X, y = X_train, y_train

# NOTE: Setting the `warm_start` construction parameter to `True` disables
# support for parallelized ensembles but is necessary for tracking the OOB
# error trajectory during training.
ensemble_clfs = [
    ("RandomForestClassifier, max_features='sqrt'",
        RandomForestClassifier(warm_start=True, oob_score=True,
                               random_state=RANDOM_STATE)),
    ("RandomForestClassifier, max_features='log2'",
        RandomForestClassifier(warm_start=True, max_features='log2',
                               oob_score=True,
                               random_state=RANDOM_STATE)),
    ("RandomForestClassifier, max_features=None",
        RandomForestClassifier(warm_start=True, max_features=None,
                               oob_score=True,
                               random_state=RANDOM_STATE))
]

# Map a classifier name to a list of (, ) pairs.
error_rate = OrderedDict((label, []) for label, _ in ensemble_clfs)

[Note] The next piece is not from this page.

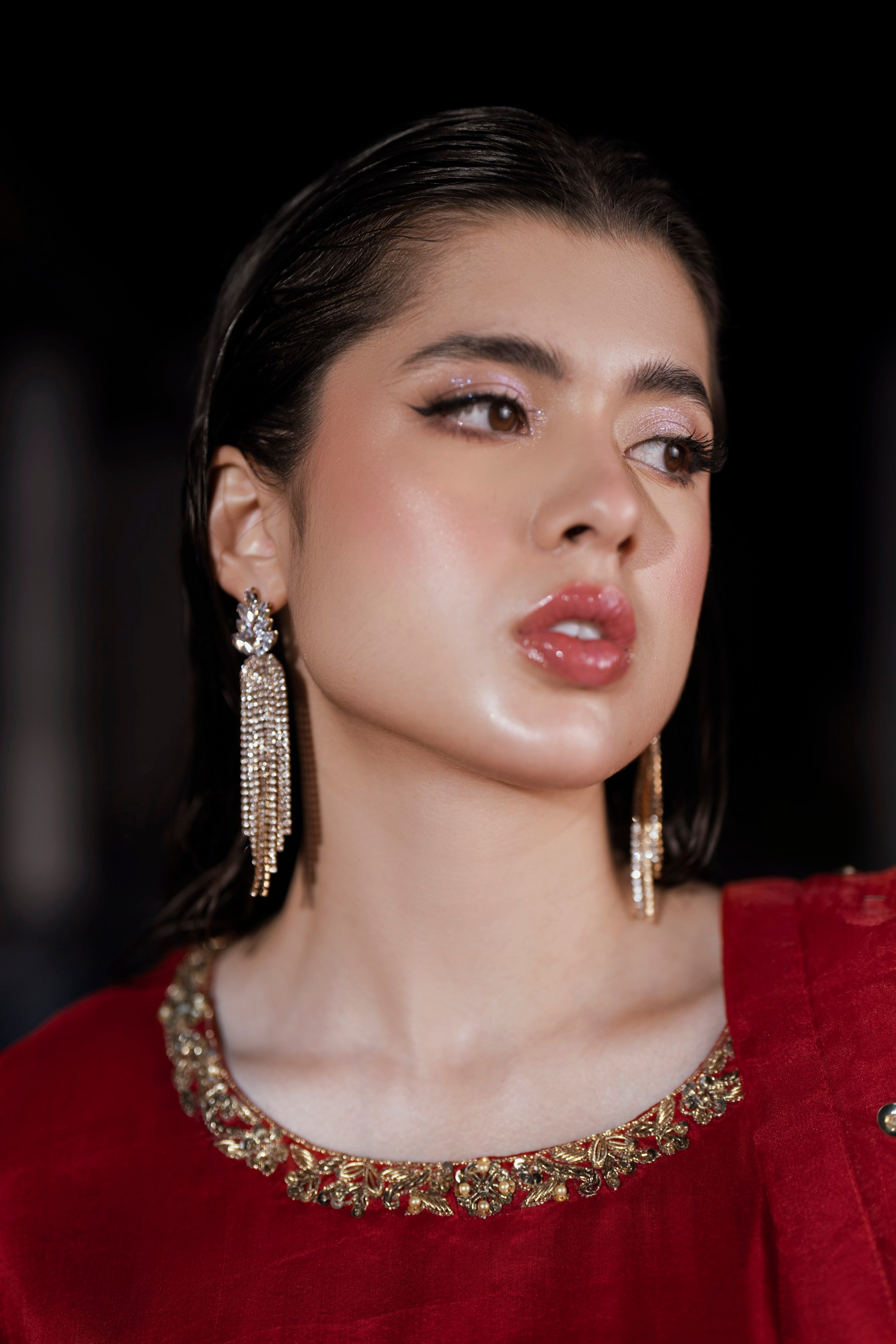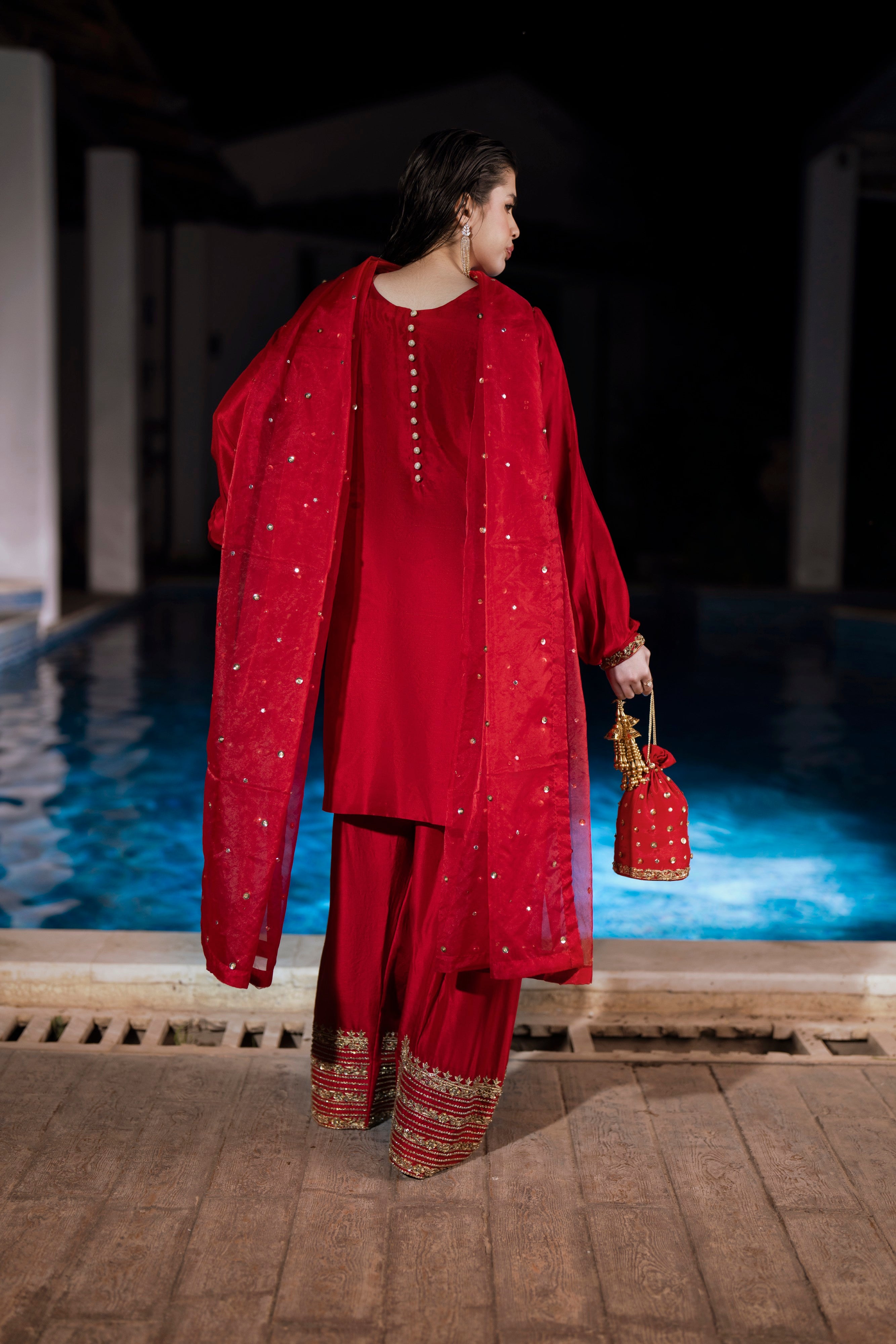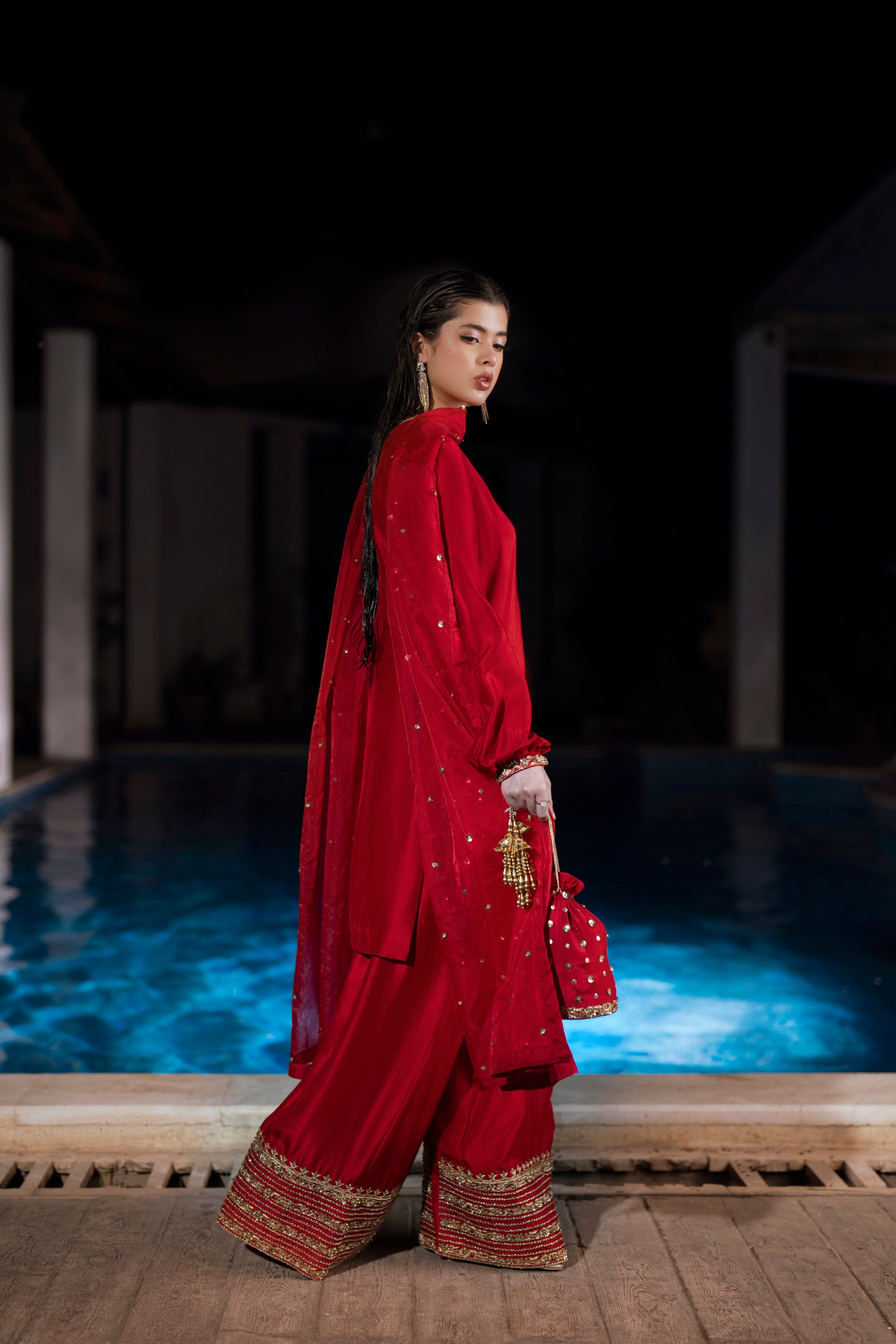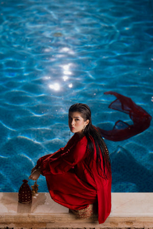 This exquisite red 3-piece ensemble is crafted from pure 60-gram silk, radiating richness and sophistication. The farsi shalwar showcases intricate hand embroidery featuring dabka, sitara, zari, and delicate pearls, reflecting timeless craftsmanship. Complementing the look is an organza dupatta adorned with modern chata work, adding a graceful contemporary touch. Together, the pieces create a perfect balance of tradition and modern elegance — a statement outfit that embodies Feyre’s signature artistry and refined charm.

# Range of `n_estimators` values to explore.
min_estimators = 100
max_estimators = 250

for label, clf in ensemble_clfs:
    for i in range(min_estimators, max_estimators + 1):
        clf.set_params(n_estimators=i)
        clf.fit(X, y)

        # Record the OOB error for each `n_estimators=i` setting.
        oob_error = 1 - clf.oob_score_
        error_rate[label].append((i, oob_error))

# Generate the "OOB error rate" vs. "n_estimators" plot.
for label, clf_err in error_rate.items():
    xs, ys = zip(*clf_err)
    plt.plot(xs, ys, label=label)

plt.xlim(min_estimators, max_estimators)
plt.xlabel("n_estimators")
plt.ylabel("OOB error rate")
plt.legend(loc="upper right")
plt.show()

The plot suggests that the error rate settles after about 230 trees, and that using a square-root or log2 constraint on available variables are equivalent. Since there are other hyperparameters that could influence the algorithm, below I use scikit-learn's GridSearchCV module to select the best hyperparameters.

In [14]:
# GridSearchCV to optimize hyperparameters

rfcGS = RandomForestClassifier(random_state=1)
gridparams = {'n_estimators':[220, 240, 260],
                'min_samples_split': [2, 3, 6],
                'min_samples_leaf': [1, 3, 5],
                'max_features': ['auto','log2']} 

clf = GridSearchCV(rfcGS, gridparams, cv = 5)
clf.fit(X_train, y_train)

print '\nOptimized parameters: '
for k in clf.best_params_:
    print k + ': ' + str(clf.best_params_[k])

print 'CV Hold-out data accuracy: {:.2f}%'.format(clf.score(X_test, y_test)*100) # Hold out score comparatively low -- overfitting
Optimized parameters: 
max_features: auto
min_samples_split: 2
n_estimators: 240
min_samples_leaf: 3
CV Hold-out data accuracy: 76.67%

Results

Based on my cross-validation accuracy, I could expect about 77% accuracy on new data. And that's just about what happened. My predictions were 79.4% accurate, and this placed me (currently) 1691 out of >7000. So -- not AMAZING, but in the top ~25%, which I'm happy with for my first data science competition.

If I wanted, I could do a little more feature engineering and try some different algorithms to see if I can do any better. I think people are getting the highest accuracy out of ensemble methods. But this will do for now.